# Bermuda CPR



## BermudaCPR (Apr 22, 2019)

I'm new and found this forum while searching how to save my lawn, so decided to document my progress and hopefully get pro tips along the way.

We moved into a San Antonio home fall 2018 with a neglected yard. About 4000sf front without the few beds and we are adding more. After getting settled in I basically mowed a salad bar of weeds all winter. Started binge watching YouTube videos and decided to follow docs plan spring 2019. Bought Anderson's pre-e, a hose end herbicide for broadleaf and one for poa and sedge. Bought his superjuice and amazon list of sprayers, tea buckets, everything. Didn't get a granular just used up a bag of weed and feed I had left.
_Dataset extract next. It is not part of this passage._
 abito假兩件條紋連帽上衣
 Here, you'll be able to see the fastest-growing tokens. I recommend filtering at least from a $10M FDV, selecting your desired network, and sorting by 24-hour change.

Starting in feb with curtain of death and have put out a few superjuice treatments. Lawn has cleared out a lot except for some weeds and a lot of poa. I feel like I'm feeding poa and the Bermuda isn't doing much. But I know it's only late April and we are barely consistent with low 80's.
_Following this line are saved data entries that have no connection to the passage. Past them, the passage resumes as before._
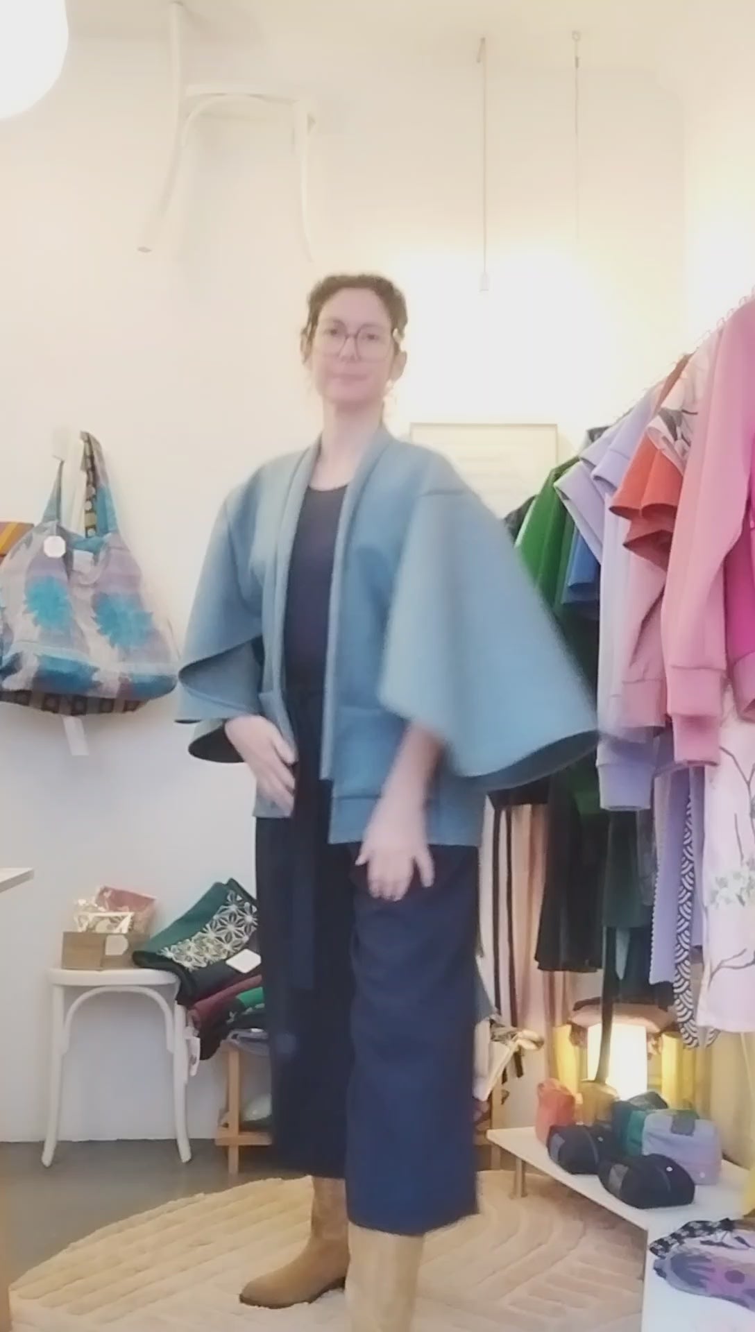 2 grandes poches arrondies plaquées devant, manches ouvertes très larges qui forment un effet cape. Col kimono, couture milieu dos. La veste se ceinture devant à l'aide de deux liens attachés aux côtés.porte bord à bord, coupe droite, légèrement allongée au dos.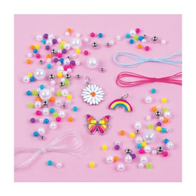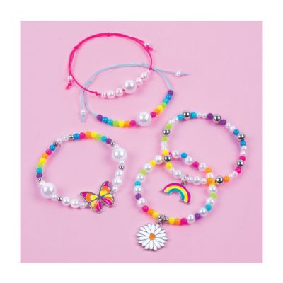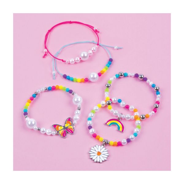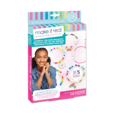 Make It Real set za pravljenje nakita, omogućava kreiranje 5 fantastičnih narukvica u živopisnim duginim bojama.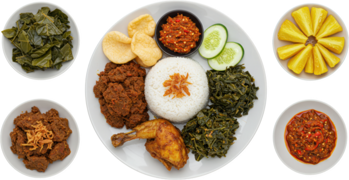 Traditional Nasi Padang Plate with Rendang and Side Dishes, isolated on transparent background PNG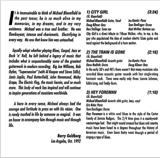 Mike Bloomfield - Blues Gospel & Ragtime Guitar Instrumentals (CD, Album) US 1993 VG+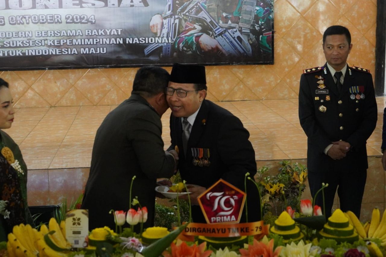Pjs Bupati Mojokerto Akhmad Jazuli memberi ucapan selamat kepada Danrem 082 CPYJ Kolonel Inf Heri Rustandi pada HUT TNI Ke-79. (ist)

Now I found this site and everyone is putting down a pound of N per 1000 per month. So I'm thinking about ditching superjuice and finding urea and blasting a pound every 2 weeks. I've learned you just see green in photos so took a couple close ups pre and post curtain of death. Goal is to get the super thin Bermuda that's left to spread and fill in without seed or sod.


----------



## BermudaCPR (Apr 22, 2019)

That's after. Guess I can't show too many pics.


----------